### INFORMATION SUPPLIED
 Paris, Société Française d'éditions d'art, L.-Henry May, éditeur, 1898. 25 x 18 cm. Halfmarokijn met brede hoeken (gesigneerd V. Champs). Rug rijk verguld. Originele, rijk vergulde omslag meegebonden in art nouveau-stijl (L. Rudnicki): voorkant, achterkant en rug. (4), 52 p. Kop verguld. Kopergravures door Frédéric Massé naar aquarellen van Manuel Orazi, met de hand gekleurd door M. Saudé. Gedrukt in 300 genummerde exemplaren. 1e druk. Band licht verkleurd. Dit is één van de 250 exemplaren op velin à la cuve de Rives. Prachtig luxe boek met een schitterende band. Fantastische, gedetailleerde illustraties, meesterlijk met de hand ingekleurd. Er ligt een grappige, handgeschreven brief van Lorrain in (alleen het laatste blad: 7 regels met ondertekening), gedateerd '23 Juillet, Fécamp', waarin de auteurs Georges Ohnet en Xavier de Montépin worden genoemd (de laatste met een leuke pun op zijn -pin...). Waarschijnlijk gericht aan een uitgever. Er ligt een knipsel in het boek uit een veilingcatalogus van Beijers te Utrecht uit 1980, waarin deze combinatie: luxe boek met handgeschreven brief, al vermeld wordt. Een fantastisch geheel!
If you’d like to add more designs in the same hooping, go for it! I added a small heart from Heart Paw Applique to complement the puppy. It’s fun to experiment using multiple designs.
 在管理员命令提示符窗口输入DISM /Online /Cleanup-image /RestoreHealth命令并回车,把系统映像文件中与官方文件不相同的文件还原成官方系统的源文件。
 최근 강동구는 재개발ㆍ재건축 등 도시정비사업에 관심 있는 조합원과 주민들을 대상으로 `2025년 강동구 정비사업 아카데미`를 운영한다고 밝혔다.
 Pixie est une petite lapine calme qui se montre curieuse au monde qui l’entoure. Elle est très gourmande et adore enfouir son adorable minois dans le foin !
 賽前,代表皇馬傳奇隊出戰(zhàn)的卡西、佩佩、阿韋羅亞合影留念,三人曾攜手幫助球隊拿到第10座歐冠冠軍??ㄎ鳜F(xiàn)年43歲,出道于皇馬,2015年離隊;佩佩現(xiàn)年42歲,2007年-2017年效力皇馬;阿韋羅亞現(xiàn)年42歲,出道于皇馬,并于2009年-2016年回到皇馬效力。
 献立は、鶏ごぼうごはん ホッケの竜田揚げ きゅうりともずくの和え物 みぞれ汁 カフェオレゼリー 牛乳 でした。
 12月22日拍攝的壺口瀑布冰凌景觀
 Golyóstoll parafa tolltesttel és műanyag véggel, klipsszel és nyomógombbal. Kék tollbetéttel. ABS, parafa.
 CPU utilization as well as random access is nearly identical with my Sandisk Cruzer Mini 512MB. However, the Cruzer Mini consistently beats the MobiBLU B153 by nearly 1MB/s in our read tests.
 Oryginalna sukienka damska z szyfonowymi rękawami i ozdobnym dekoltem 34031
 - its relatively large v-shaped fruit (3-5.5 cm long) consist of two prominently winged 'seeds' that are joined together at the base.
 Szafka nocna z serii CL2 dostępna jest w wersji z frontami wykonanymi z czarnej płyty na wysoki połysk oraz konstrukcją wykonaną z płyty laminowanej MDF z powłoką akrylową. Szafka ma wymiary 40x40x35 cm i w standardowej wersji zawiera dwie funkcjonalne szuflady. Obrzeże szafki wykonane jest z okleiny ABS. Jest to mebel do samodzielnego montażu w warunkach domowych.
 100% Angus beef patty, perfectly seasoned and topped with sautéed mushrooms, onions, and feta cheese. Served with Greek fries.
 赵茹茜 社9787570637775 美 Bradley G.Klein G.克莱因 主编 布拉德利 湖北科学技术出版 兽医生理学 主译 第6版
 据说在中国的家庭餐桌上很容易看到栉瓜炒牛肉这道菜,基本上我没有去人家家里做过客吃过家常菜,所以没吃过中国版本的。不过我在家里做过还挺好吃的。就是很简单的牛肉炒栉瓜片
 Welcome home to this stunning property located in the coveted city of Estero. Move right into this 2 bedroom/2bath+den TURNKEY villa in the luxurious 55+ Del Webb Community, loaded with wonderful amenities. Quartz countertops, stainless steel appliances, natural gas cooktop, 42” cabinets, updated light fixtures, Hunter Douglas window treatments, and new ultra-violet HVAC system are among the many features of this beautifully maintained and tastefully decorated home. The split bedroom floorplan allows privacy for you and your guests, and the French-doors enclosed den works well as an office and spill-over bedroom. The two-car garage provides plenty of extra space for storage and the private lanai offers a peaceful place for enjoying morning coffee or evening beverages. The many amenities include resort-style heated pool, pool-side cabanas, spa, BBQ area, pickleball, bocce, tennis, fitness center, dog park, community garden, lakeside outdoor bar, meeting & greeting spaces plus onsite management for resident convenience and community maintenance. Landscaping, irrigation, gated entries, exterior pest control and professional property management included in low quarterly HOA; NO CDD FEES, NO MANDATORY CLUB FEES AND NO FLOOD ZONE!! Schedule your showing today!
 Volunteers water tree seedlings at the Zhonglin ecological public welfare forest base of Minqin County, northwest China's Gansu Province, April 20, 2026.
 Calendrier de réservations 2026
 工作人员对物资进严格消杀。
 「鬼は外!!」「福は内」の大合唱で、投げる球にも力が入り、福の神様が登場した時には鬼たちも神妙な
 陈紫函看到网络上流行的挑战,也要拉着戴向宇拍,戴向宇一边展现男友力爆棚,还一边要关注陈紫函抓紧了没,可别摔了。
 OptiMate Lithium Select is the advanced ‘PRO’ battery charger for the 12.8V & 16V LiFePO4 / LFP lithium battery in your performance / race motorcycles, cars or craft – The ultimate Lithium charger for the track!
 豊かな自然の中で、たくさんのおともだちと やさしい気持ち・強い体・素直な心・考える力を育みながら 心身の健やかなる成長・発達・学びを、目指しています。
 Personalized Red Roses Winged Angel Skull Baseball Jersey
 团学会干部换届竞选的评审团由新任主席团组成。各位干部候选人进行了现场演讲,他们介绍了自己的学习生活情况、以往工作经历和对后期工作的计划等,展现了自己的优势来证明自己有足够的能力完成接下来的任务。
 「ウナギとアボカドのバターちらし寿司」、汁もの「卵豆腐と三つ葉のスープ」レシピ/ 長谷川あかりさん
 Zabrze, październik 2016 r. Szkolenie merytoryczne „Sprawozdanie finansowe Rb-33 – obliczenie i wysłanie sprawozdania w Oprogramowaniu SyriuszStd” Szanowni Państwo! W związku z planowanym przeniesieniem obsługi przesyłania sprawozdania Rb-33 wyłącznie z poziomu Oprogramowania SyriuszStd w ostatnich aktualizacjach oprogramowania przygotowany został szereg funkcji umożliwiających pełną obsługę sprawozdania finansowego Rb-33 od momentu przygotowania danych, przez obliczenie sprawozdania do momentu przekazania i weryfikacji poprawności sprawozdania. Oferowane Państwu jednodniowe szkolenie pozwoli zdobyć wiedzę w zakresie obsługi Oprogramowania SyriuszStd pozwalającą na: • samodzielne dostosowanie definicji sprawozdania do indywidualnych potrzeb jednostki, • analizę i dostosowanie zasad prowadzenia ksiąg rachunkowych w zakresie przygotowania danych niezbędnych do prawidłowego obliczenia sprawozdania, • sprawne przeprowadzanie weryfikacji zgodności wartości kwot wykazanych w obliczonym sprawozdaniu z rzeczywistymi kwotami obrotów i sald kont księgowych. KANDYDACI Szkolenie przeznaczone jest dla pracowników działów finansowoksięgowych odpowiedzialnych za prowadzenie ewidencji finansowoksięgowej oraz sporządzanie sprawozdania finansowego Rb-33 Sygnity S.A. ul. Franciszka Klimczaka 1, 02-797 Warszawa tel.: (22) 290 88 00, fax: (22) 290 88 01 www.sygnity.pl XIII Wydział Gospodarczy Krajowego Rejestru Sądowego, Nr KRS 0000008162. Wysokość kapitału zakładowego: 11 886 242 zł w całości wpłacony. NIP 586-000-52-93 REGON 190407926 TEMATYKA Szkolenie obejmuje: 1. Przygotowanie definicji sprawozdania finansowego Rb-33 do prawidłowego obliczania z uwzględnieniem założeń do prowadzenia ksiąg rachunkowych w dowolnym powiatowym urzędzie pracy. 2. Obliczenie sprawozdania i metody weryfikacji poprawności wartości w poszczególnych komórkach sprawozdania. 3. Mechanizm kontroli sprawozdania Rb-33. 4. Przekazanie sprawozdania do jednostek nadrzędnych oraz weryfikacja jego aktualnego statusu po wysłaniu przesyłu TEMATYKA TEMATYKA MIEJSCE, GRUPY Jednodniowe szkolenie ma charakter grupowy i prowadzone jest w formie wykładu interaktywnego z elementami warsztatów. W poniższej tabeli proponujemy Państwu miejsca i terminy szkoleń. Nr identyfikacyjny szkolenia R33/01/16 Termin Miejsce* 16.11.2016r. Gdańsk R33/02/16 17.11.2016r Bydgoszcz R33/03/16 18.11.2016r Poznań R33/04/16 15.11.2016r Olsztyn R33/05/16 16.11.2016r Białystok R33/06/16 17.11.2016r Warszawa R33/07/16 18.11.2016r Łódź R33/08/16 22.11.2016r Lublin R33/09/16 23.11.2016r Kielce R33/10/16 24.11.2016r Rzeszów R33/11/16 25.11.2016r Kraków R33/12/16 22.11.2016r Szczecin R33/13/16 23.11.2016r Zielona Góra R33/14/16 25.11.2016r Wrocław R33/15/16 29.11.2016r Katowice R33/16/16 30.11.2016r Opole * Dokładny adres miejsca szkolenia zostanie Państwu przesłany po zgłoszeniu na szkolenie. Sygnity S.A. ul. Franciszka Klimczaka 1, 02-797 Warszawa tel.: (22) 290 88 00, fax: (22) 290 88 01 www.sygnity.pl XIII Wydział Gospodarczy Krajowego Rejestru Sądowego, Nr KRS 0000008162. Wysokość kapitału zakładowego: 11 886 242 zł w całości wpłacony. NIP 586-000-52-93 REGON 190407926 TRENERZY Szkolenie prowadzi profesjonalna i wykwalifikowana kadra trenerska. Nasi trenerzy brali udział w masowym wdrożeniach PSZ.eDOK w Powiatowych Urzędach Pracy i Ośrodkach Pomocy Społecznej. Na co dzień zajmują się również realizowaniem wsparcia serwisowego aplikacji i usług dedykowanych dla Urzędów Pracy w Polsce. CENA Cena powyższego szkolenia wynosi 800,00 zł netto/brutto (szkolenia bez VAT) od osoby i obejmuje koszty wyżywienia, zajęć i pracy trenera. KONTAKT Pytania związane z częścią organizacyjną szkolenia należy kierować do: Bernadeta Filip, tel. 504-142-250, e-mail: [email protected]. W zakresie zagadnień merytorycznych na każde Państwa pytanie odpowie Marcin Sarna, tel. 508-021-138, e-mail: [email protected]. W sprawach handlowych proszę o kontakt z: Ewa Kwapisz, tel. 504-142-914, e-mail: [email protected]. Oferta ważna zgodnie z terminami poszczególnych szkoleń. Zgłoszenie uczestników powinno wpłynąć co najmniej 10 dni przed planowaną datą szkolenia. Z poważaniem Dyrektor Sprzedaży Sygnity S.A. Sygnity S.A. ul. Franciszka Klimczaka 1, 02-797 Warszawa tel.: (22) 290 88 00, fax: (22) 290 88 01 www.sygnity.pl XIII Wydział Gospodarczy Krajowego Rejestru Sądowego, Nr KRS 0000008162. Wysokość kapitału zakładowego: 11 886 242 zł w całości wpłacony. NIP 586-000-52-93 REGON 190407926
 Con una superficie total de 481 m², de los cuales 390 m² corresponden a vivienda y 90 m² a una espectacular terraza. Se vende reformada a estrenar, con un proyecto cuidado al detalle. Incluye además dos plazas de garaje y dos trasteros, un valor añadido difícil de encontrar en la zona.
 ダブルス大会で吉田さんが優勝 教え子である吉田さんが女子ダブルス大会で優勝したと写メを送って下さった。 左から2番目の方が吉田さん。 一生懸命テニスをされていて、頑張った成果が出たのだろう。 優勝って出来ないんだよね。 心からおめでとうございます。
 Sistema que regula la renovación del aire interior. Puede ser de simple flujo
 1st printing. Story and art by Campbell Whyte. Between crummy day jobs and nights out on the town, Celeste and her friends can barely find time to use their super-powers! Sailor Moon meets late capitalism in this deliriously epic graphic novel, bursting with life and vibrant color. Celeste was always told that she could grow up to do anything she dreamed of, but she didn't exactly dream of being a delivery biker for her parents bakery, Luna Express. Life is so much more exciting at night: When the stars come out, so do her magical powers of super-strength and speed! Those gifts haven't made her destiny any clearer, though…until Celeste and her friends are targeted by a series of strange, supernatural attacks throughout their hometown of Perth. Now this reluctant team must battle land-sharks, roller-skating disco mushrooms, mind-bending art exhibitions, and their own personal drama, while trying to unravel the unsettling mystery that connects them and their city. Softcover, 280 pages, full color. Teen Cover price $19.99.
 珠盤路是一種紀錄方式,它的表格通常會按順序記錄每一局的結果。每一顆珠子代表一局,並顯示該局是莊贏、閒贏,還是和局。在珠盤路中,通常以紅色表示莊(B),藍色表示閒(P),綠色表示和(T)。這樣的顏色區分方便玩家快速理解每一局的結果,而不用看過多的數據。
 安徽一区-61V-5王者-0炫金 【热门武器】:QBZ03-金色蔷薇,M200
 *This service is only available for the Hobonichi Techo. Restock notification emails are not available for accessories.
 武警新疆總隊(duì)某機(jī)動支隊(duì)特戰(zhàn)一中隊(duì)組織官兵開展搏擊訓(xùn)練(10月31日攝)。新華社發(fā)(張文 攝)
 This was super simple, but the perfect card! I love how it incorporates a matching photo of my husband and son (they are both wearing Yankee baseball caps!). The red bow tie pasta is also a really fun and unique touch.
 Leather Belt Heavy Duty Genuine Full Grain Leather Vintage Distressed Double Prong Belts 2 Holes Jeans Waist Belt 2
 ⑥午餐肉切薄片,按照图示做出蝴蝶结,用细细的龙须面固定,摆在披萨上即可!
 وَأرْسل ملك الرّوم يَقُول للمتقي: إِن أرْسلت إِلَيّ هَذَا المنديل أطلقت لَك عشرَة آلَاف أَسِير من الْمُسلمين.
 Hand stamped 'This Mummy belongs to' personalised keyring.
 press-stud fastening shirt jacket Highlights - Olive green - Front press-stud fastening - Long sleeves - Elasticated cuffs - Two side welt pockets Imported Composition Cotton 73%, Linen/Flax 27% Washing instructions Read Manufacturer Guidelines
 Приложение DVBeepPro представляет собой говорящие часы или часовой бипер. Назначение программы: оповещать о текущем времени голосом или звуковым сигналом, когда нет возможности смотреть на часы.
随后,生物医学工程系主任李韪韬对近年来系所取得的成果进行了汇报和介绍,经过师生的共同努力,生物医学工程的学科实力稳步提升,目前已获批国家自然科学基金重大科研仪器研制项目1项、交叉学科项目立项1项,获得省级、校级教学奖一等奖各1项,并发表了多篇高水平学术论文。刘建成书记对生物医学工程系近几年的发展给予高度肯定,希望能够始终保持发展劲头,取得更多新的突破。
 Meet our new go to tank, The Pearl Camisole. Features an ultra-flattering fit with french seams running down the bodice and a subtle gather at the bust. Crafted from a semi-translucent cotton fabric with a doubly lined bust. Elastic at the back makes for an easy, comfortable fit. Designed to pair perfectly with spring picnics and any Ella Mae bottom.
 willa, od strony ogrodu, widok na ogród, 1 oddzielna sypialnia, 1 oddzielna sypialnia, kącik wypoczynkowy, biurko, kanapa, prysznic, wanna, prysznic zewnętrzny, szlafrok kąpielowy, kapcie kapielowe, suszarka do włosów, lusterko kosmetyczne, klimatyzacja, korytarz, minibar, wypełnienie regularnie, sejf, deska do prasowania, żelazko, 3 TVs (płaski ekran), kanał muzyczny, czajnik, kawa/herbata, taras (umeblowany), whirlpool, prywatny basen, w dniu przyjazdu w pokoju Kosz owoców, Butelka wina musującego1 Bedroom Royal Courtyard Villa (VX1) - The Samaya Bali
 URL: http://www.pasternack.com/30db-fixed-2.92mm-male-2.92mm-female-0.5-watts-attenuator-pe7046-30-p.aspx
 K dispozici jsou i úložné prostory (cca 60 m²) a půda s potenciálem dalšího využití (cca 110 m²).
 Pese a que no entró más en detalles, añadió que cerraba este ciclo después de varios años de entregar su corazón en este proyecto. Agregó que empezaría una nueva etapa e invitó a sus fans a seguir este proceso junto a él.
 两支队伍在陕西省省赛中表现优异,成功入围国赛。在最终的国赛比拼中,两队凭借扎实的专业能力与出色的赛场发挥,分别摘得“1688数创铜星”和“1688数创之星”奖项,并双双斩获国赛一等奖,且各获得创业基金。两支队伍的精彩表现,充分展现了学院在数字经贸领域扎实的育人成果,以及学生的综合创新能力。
######
### WHAT THIS TASK INVOLVES
Going through the data above, return each line with the word "simple".

### FINISHED EXERCISE
 Sistema que regula la renovación del aire interior. Puede ser de simple flujo
 This was super simple, but the perfect card! I love how it incorporates a matching photo of my husband and son (they are both wearing Yankee baseball caps!). The red bow tie pasta is also a really fun and unique touch.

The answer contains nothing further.